Analyzing network data with appliance router

[NoOp]

On 06/12/2011 03:47 PM, Patton Echols wrote:
> Greetings all,
> 
> I am looking for ways to analyze the traffic through my home network.  
> The tools that I seen mentioned as I google all seem to need to run on 
> the router.  This makes sense to me.

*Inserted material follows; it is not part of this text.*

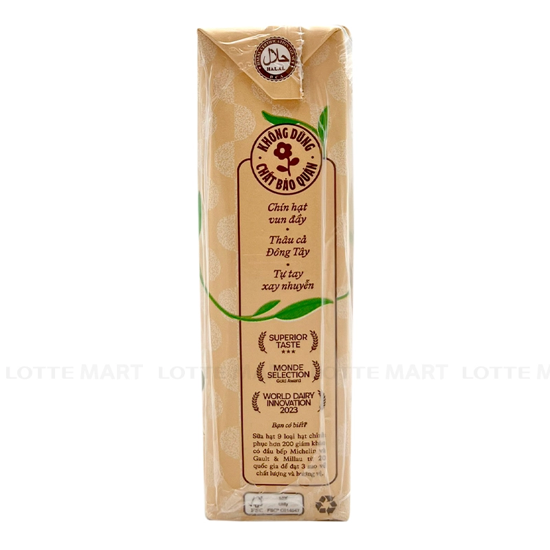 - Sữa hạt (>94%) (nước, dịch trích từ hạt đậu nành, dầu thực vật, hạnh nhân nghiền, chiết xuất đậu đỏ, đậu phộng nghiền, chiết xuất hạt óc chó, bột yến mạch, chiết xuất đậu đen, chiết xuất đậu xanh, chiết xuất đậu trắng), đường (4,7%), chất nhũ hóa (471, 460(i), 466, 415), khoáng chất (calci carbonat, natri selenit), hương ngũ cốc giống tự nhiên dùng cho thực phẩm, muối in, vitamin (natri ascorbat, E, PP, A, D3), chất điều chỉnh độ acid (500(ii)).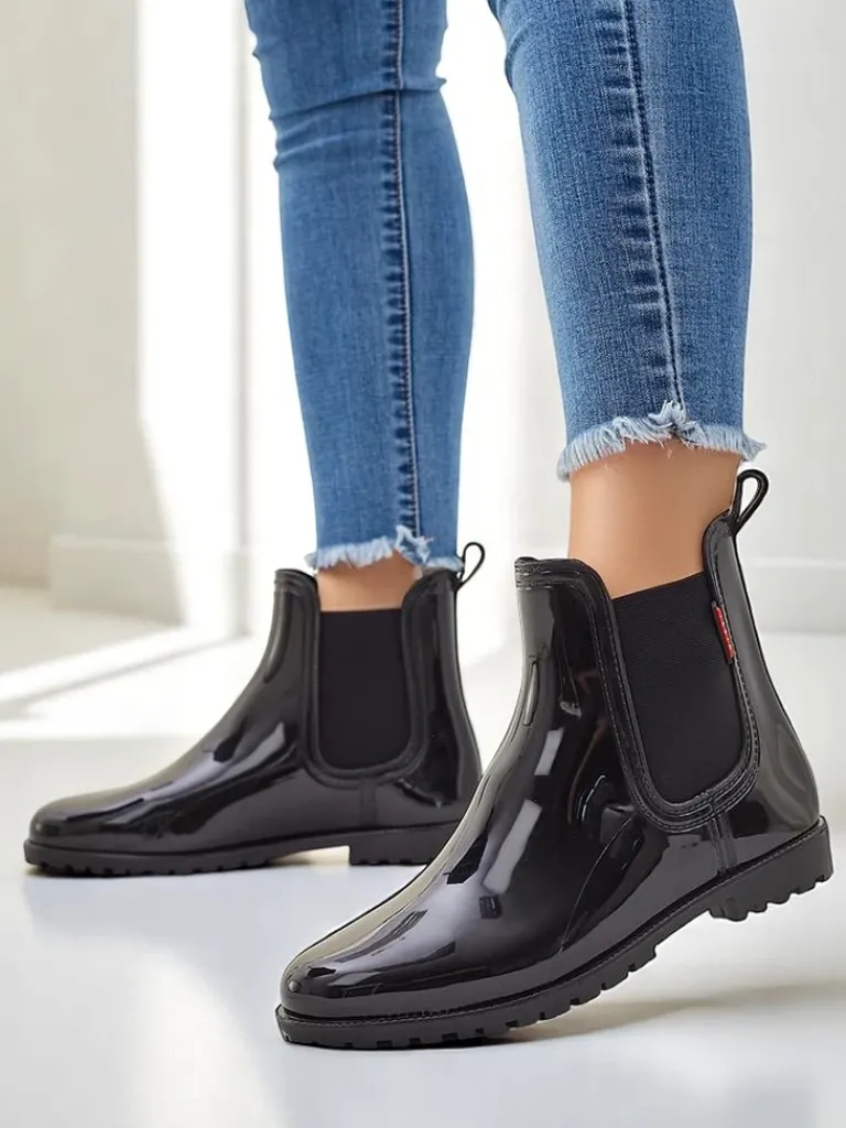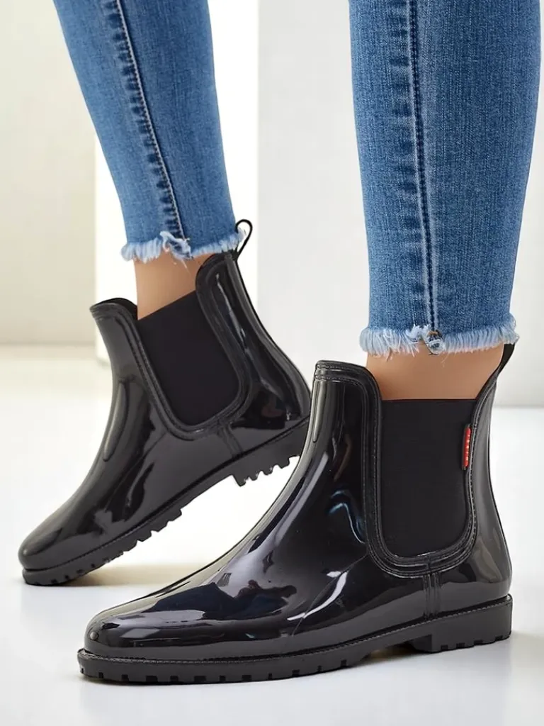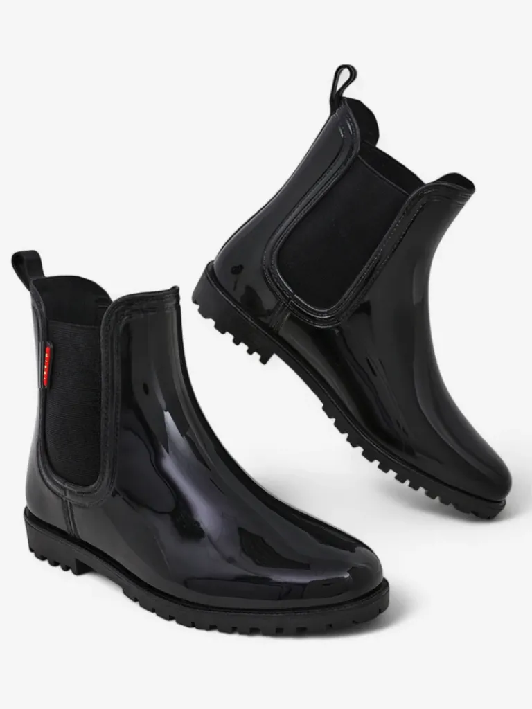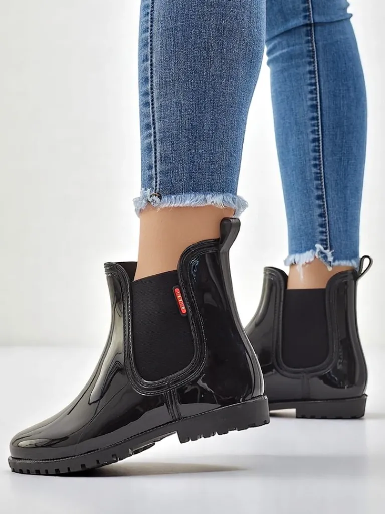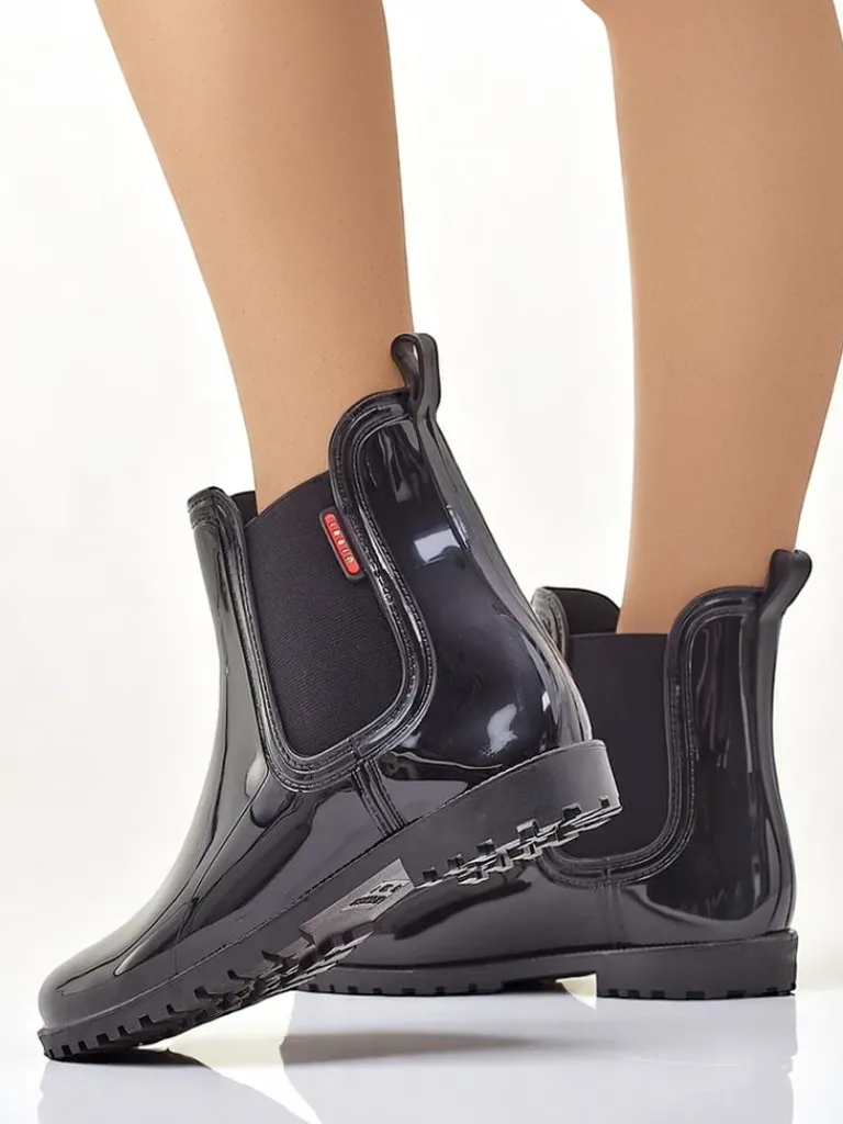 - Klasyczne damskie kalosze wykonane z tworzywa gumowego z lakierowanym wykończeniem. Wkładka to materiał tkaninowy. Obuwie idealne na jesienne deszczowe dni!

After all, where better to access 
> the traffic.  I am wondering whether there are tools that can moniter 
> traffic within the LAN and / or to and from the WAN, but do it from my 
> desktop machine within the LAN.
> 
> Here is what I am trying to do:
> 
> I have been reading about concerns of Botnets and a recent article that 
> suggested that nearly 20% or windows machines are infected.  I have to 
> support several windows machines in our network.  We have antivirus and 
> updates applied as soon as available, but I would like to have a way to 
> ID a box that gets infected.  One suggested method is to watch their 
> traffic.  If a windows box has spikes in network activity, starts port 
> scanning, or doing other obnoxious activity, then you know you have work 
> to do.
> 
> The logging function of my appliance router is fairly minimal.  It 
> records the outgoing IP and protocol, but not the port or the time.  
> Also, it seems to be pretty limited as to how much it saves.  I'd prefer 
> to not have to set up my own router if not necessary.
> 
> Any thoughts?

Better router :-) That said, when my trusty BEFVP41 started going wonky
on my I had to back up to my Netgear & that router sucks as far as
traffic logs go. For a small home network, you might want to install
etherape to watch your network periodically. It will give you a
graphical view of your network traffic.

Unfortunately the repositories for maverick only offer 0.9.8 & 0.9.12 is
the latest:
https://launchpad.net/ubuntu/+source/etherape
http://etherape.sourceforge.net/

I'm not aware of any 0.9.12 deb's (haven't looked actually).